El pasado martes 12 de abril, en el Senado, el Frente Amplio decidió desconocer dos pronunciamientos populares –el del referéndum de 1989 y el del plebiscito de 2009-, y violar normas y principios fundamentales de la Constitución, para sacarse las ganas de anular, por fin, la Ley de Caducidad.
Todo se hizo en nombre de la lucha contra la impunidad, proclamada –entre otros- por algunos de los beneficiarios de la amnistía amplia y generosa que en marzo de 1985 dejó vacías las cárceles de la dictadura.
Los dos pronunciamientos populares fueron categóricos. En 1989 el Cuerpo Electoral decidió expresamente confirmar la Ley de Caducidad, y no meramente desechar el recurso de referéndum interpuesto contra ella. La papeleta amarilla lo decía de manera inequívoca: “Voto por confirmar los artículos 1 a 4 de la Ley 15.848”. Un millón cien mil ciudadanos optaron por esta alternativa, mientras ochocientos mil lo hacían por la papeleta verde. Trescientos mil votos de diferencia, pues.
En el 2009, después de una larga campaña -sin oposición- por la anulación de la Ley de Caducidad, la ciudadanía le dio la espalda a la propuesta, que no tuvo los sufragios necesarios para su aprobación.
A veinte años de distancia, dos decisiones populares ratificaron el camino del “cambio en paz” elegido en 1984. El argumento jurídico de que esas dos decisiones no le quitan a la Ley de Caducidad su carácter de tal (por lo que el Parlamento podría modificarla o derogarla), no es suficiente para darle legitimidad democrática al propósito de “enmendarle la plana al soberano”, como decía Mujica cuando era candidato y se comprometía a acatar el veredicto popular; el mismo que hoy entrega –nuevo Poncio Pilatos- a la decisión de “la fuerza política”.
Todavía hay que agregar que la mayoría parlamentaria de un voto que le pasó por encima a las dos decisiones del Cuerpo Electoral, se armó “a prepo”, a fuerza de disciplina partidaria. Ni Fernández Huidobro ni Nin Novoa estaban de acuerdo con el proyecto de ley y así lo manifestaron públicamente, aunque después terminaron cediendo –de distintas maneras- y allanando el camino para su aprobación.
Como lo dijeron todos los profesores y catedráticos que asesoraron a las Comisiones parlamentarias, el proyecto de ley aprobado el martes no es “interpretativo”; califica de incompatible con la Constitución a la Ley de Caducidad y le niega a sus disposiciones valor jurídico alguno. En menos palabras, esto equivale a anular la ley. Y la anulación, se sabe, tiene efecto retroactivo, que es precisamente lo que establece el proyecto en cuestión. No hay “cosa juzgada” ni prescripción que valga; volvemos al 21 de diciembre de 1986, el día anterior a la sanción de la Ley de Caducidad.

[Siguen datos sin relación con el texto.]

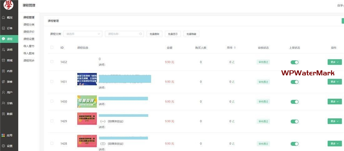 YM1228-知识付费阅读小程序源码,前端+后台源码,带有代理,分销,课程资源更新等等功能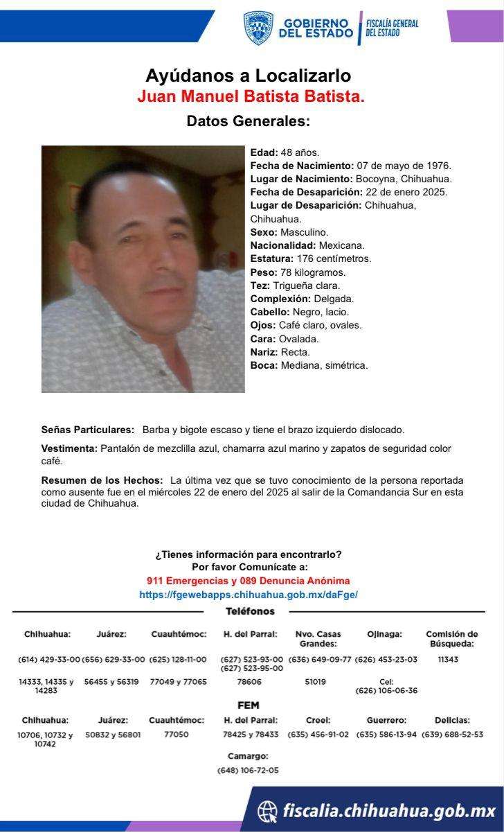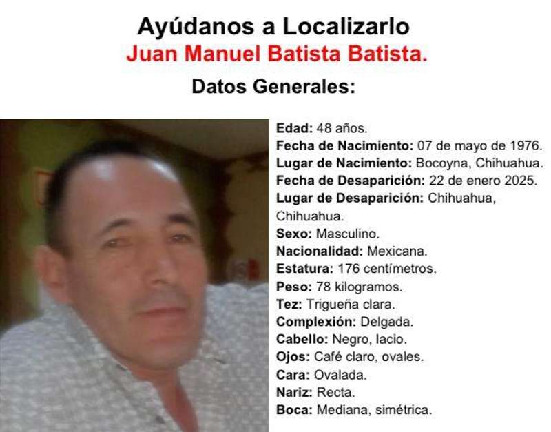 Chihuahua.- Juan Manuel Batista Batista, de 48 años, desapareció desde el pasado 22 de enero en la ciudad de Chihuahua.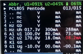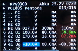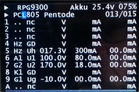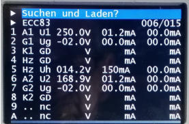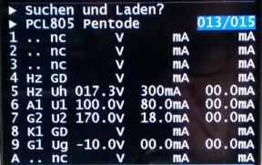 Röhre wählen: durch Röhrentyp (Texteingabe) und Enter wird die Röhre im FRAM gesucht und falls vorhanden in den Arbeitsspeicher kopiert.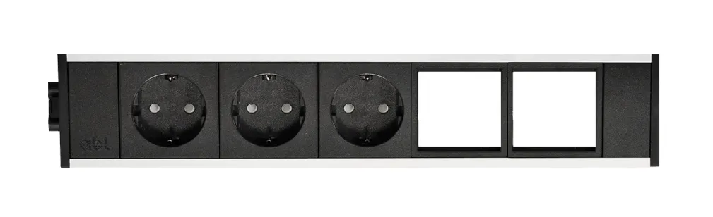 ABL 2M20F3A2- Розеточная станция серии Link с 3 розетками и 2 слотами для IMP, черный с серебристым (2M200302)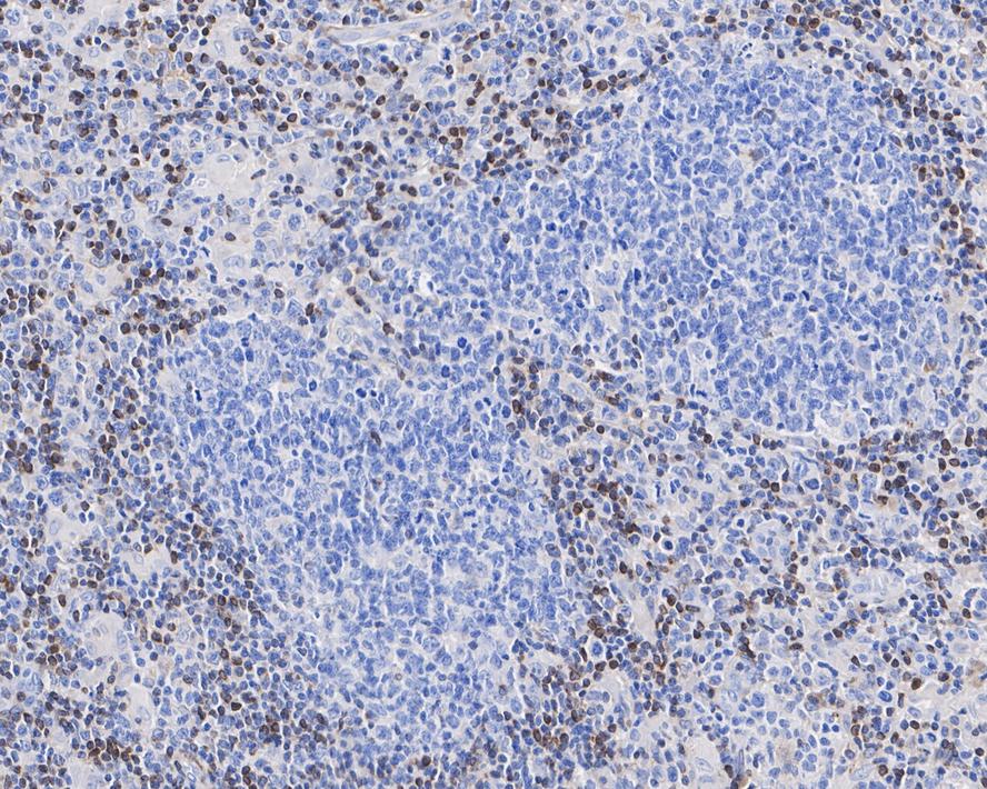 Immunohistochemical analysis of paraffin-embedded human b-cell lymphoma tissue with Mouse anti-Bcl-2 antibody (HA610131) at 1/500 dilution.

Por supuesto, todo esto es inconstitucional. La anulación de las leyes no existe en nuestro derecho, declararlas inconstitucionales es de resorte exclusivo de la Suprema Corte de Justicia y aún la Corte, cuando declara inaplicable una ley al caso concreto sometido a su consideración, deja a salvo las situaciones en las que la norma en cuestión ya se aplicó. El hacer tabla rasa de la cosa juzgada implica intromisión legislativa en el fuero jurisdiccional y, por ende, violación del principio de separación de poderes. Eliminar prescripciones ya operadas o modificar normas de prescripción en perjuicio de los justiciables es violar el derecho humano fundamental a la seguridad jurídica.
En suma: el Frente Amplio perforó el doble blindaje democrático de la Ley de Caducidad para imponer normas de evidente inconstitucionalidad, lesivas de derechos humanos fundamentales.
Tanto atropello nos trae a la memoria las palabras con las que Gregorio Álvarez solía anunciar sus arbitrariedades, durante los años sombríos de la dictadura: “pese a todo y a todos los que se opongan”.
Una vez más, queda demostrado que los extremos se tocan.
(*) Abogado. Senador de la República. Secretario general del Partido Colorado.